End-to-End Encrypted Email: Keyless Options

G5 Cyber Security

2 weeks ago

TL;DR

Yes, some email services offer end-to-end encryption where *you* control the keys, meaning they don’t store them on their servers. This significantly improves your privacy. We’ll look at a few options and how to set them up.

Understanding Key Control

Most standard email providers (like Gmail, Outlook) encrypt emails while in transit and at rest on *their* servers. However, they hold the keys to decrypt those messages. This means they could theoretically access your content. End-to-end encrypted services differ because only you and the recipient have the keys.

Services That Prioritise Key Control

Proton Mail: A popular choice with a strong focus on privacy. They offer end-to-end encryption by default for emails sent to other Proton Mail users. For sending to non-Proton Mail addresses, you can use encrypted email messages (requires the recipient to create a temporary account or enter a password).
Tutanota: Similar to Proton Mail, Tutanota provides end-to-end encryption and focuses on user privacy. They also offer encrypted calendars and contacts.
Mailbox.org: Offers end-to-end encryption as an optional feature using PGP (Pretty Good Privacy). This gives you more flexibility but requires a bit more technical setup.
Disroot: A cooperative, free/libre email service that supports end-to-end encryption with PGP. It’s a good option if you want to support open-source projects and have full control over your data.

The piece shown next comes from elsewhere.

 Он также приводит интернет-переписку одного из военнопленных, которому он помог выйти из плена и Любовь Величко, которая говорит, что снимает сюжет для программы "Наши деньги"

Setting Up End-to-End Encryption

The setup process varies depending on the service. Here’s a breakdown for each:

1. Proton Mail

Automatic Encryption: When emailing another Proton Mail user, encryption happens automatically.
Encrypted Emails to Non-Proton Mail Users: You’ll be prompted to set a password when sending an email to a non-Proton Mail address. The recipient will receive a link and need this password to view the message on Proton Mail’s web interface (or create a temporary account).

2. Tutanota

Automatic Encryption: Similar to Proton Mail, encryption is automatic for emails between Tutanota users.
Sending to External Addresses: Tutanota provides an option to encrypt messages for external recipients using a password.

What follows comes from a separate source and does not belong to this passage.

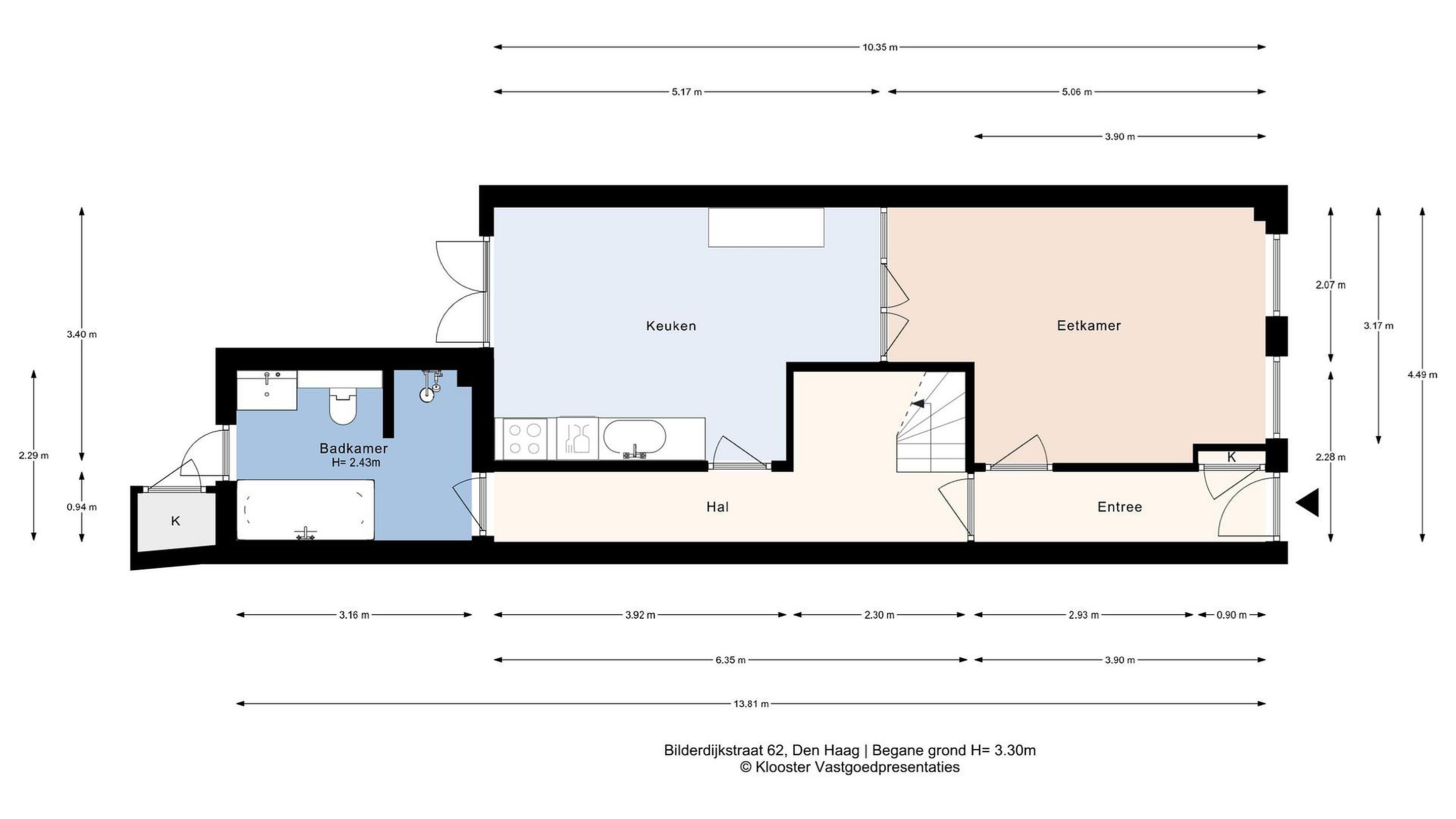 Entree, hal en voorkamer/eetkamer, die middels een tochtdeur is afgescheiden van de garderobe, het trappenhuis en de achtergang. Verder bevinden zich hier de woonkeuken en een badkamer. De voorkamer is momenteel ingericht als eetkamer, maar kan ook dienen als kantoorruimte of extra slaapkamer.

3. Mailbox.org (PGP Setup)

This requires more technical knowledge.

Generate a PGP Key Pair: You’ll need to generate a public and private key pair. You can use tools like GnuPG (GPG).

gpg --gen-key

Import Your Public Key into Mailbox.org: Add your public key to your Mailbox.org settings.

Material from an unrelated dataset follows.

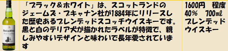 ブラック&ホワイト(Black & White)は、スコットランド産のブレンデッド・スコッチウイスキーで、黒と白のテリア犬が描かれたラベルが印象的なクラシックな銘柄です

Encrypt Emails: Use the PGP encryption features within Mailbox.org’s web interface or a compatible email client (like Thunderbird with Enigmail). You’ll need the recipient’s public key to encrypt messages for them.

4. Disroot

PGP Integration: Disroot supports PGP encryption, similar to Mailbox.org. You will need to generate a key pair and manage it yourself. Refer to their documentation for detailed instructions.

Important Considerations

Recipient Support: End-to-end encryption is most effective when both sender and recipient use the same service or compatible PGP implementations.
Key Management: Protect your private key! If you lose it, you won’t be able to decrypt your emails. Consider using a strong password manager and backing up your key securely (offline).
Metadata: While the *content* of your emails is encrypted, metadata (sender/recipient addresses, timestamps) may not be. Consider this when evaluating privacy needs.